I concluded yesterday’s post by saying:
There is a far more fundamental problem…it centers on my disillusionment with elections–especially in modern politics in this nation–and with my evolving understanding of my political responsibilities.
I should have been more specific above. I have acquired a profound dislike of presidential elections: the campaigning by candidates, the so-called ‘debates,’ the insincere campaign promises. I consider presidential elections the worst part of American democracy: for the opportunities for pandering and demagoguery they provide, for their choking off of reasoned discourse, and especially in the US, the inordinate amount of time, energy and money they consume. The Republican primaries began last year, or at least, it felt like they did. That’s a full year before the elections. Really, US polity, really? A year-long election season?
I dislike too, the elevation of the presidential election to the center-piece of American democracy–that somehow casting my vote for the president is the most important political act I can commit. This often results in guilt-mongering: If you don’t vote for a presidential candidate, you’ve committed a grievous abdication of political responsibility. The propagandizing and resource consumption associated with presidential elections is especially insidious; their prioritization cripples a great deal of engagement with the political process; it denudes political activism of energy, purpose and resources by drawing too much attention to itself.
The privileging of these elections has meant all too many US citizens imagine that presidential elections are all there is to their democracy;’ that to participate in their polity, one need only show up once in four years to vote, followed by rapid disengagement. Presidential candidates, like Barack Obama, are guilty of the precise converse; they imagine that having won the election, there is no need anymore to engage with those that brought them to power. A fraction of the passion spent in engaging with the ‘base’ during the election season, had it been deployed during the last few years, might have earned Obama considerably more legislative victories, and not cost him the support of his ‘base.’ (It didn’t help, either, that the option chosen, instead, was denigration of the ‘base.’)
I’ve come to think of the presidential election as the deployment of a vast machinery of systematic obfuscation. The disappointed voter is a cliché now, precisely because he imagined that voting was all there was to it; better to ignore elections and do politics somewhere other than the presidential polling station. The real action lies elsewhere; in local elections where one might, for instance, vote for judges who can rule on important decisions affecting families and groups: divorce or bankruptcy proceedings for example.
A citizen can be political in many ways. I can be political by resisting the policies that my nation’s rulers seek to impose: sometimes by writing here, sometimes by my daily utterances, sometimes in my teaching, sometimes in the lifestyle I adopt, and in those I encourage. My politics resides in my daily actions, in the many little decisions I make on a daily basis. The political process operates on many levels; it can be poked, prodded, and interacted with via a multiplicity of processes; voting for the president is but one of them.

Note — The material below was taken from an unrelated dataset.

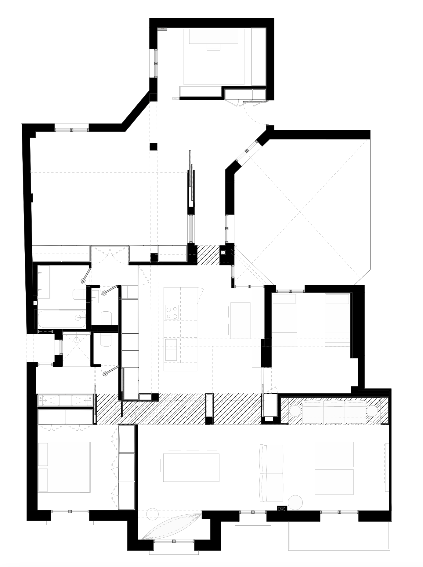 Este apartamento situado en el barrio madrileño de Chamberí fue totalmente demolido, manteniendo solamente la estructura original de pilares de hormigón. Para aportar orden en la zona donde la estructura estaba más desalineada, se recurrió a un módulo central que contuviese todas las instalaciones de climatización y calefacción así como los elementos verticales de la estructura. Este módulo de madera, entendido como un mueble, a su vez nos serviría para ampliar la zona de estancia albergando el sofa, contener y ocultar las puertas de acceso a otros espacios, marcar una separación entre la cocina y la sala de estar – comedor y conformar el lavabo del baño principal. En cuanto a los materiales, se ha recurrido a la madera principalmente en este módulo para darle potencia, marcándose también el volumen en el pavimento. En toda la vivienda se decidió renovar el suelo de azulejo hidraúlico pues, aunque hubo que cambiarlo debido al mal estado, se consideró que por el tipo y época de la construcción tenía sentido mantener el mismo tipo de pavimento.

Samir, I agree entirely with your desire to de-emphasize presidential elections in favor of other forms of political action, but I’d like to add two points:
1. The focus on presidential elections is justified partially by the fact that the presidency has seen an enormous growth in power since the Second World War. This has been well-discussed by Robert Nisbett and others, and given the fact that both parties have decided to commit us to a Forever War (yes, I am invoking Joe Haldeman on purpose), which not only causes unimaginable death and destruction, but perpetually drains our coffers of desperately needed money, the focus seems a fair one.
2. The other sorts of political action that you (and I) would prefer to focus on, is the sort that the American people simply aren’t interested in and especially young people. It requires too much work and effort and more importantly, it requires that people care more than they do.
What many of us who care about these issues seem unwilling to confront is the fact that the public is largely happy to be “managed” in this way; that we are, literally, living in the world described by Huxley, in which we have come to “love our servitude.”
–DK
Dan,
Fair enough; the extension of the executive branch means more attention must be paid to it. As for political action in general, there is, as you point out, a kind of narcotizing of the citizenry carried out by gradually increasing the control that a new super-class of financial and political power wields. This class’ ideology is dominant, and it has turned most folks into prime exhibits of ressentiment, unable to fight their way out of their agreed-upon servile position.